= McKinley Birthplace Home and Research Center =

The McKinley Birthplace Home and Research Center is a reconstruction of a home on the site of the birth of America's twenty-fifth President, William McKinley, in Niles, Ohio.

==History==
===Original structure===
President William McKinley was born in a small wood plank sided home in Niles on January 29, 1843. The original two-story eight-room house had a total of approximately 924 sqft, and was moved twice before it was destroyed by fire in 1937.

===Rebuilding efforts===
In 1994, a local bank donated the former McKinley Bank Building that stood on the site of the birthplace to the city of Niles. By 1999, with $83,000 secured from the state of Ohio, the McKinley Bank Building was demolished, leading the way for construction of a replica McKinley birthplace.

The McKinley Memorial Library was granted the site at 40 South Main Street in 2001, and quickly acquired one additional lot for the future Birthplace Home and Research Center. Demolition on the remaining lot commenced in the fall of that year.

Youngstown, Ohio-based architecture firm Olsavsky-Jaminet headed design efforts, aided by DSV Builders as general contractors.

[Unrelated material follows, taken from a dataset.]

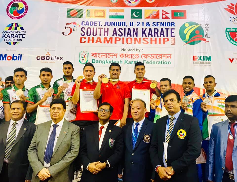 पाँचौ दक्षिण एसियन क्याडेड, जुनियर, यु–२१ र सिनियर कराते च्याम्पियनसिपमा नेपाली सिनियर कराते टोली टिम च्याम्पियन बन्न सफल भएको छ । नेपाली सिनियर टोली ८ स्वर्ण, ३ रजत र ८ कास्यपदक गरी कुल १९ पदक जित्दै टिम च्याम्पियन बन्न सफल भएको हो ।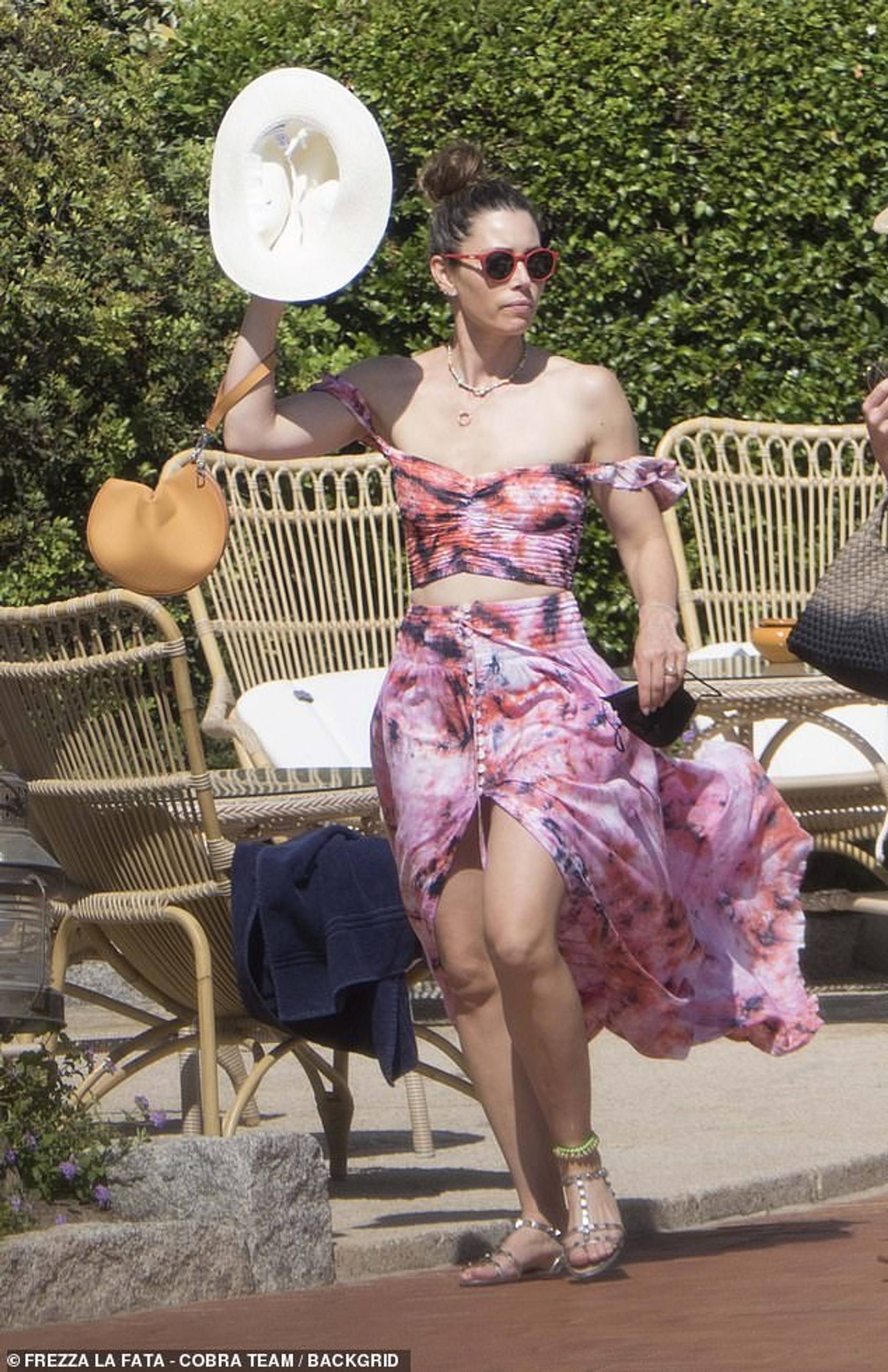 Идеальный пляжный образ Джессики Бил: кроп-топ и летящая юбка, цветом напоминающая о красочных закатах над южными морями.

Groundbreaking for the new structure was held on April 28, 2002; the new facility opened to the public after a dedication ceremony held on May 4, 2003, attended by several local government officials, at which the site was presented with an Ohio Historical Marker.

==Current status==
The two-story structure is physically larger and only bears a slight resemblance to historic photographs of McKinley's actual birthplace. The current facility houses a library of McKinley materials, a gift shop, meeting space, and a computer lab.

According to the Home & Research Center's Web site, it is open to the public from 10am-12pm and 1pm-4pm on Mondays and Wednesdays.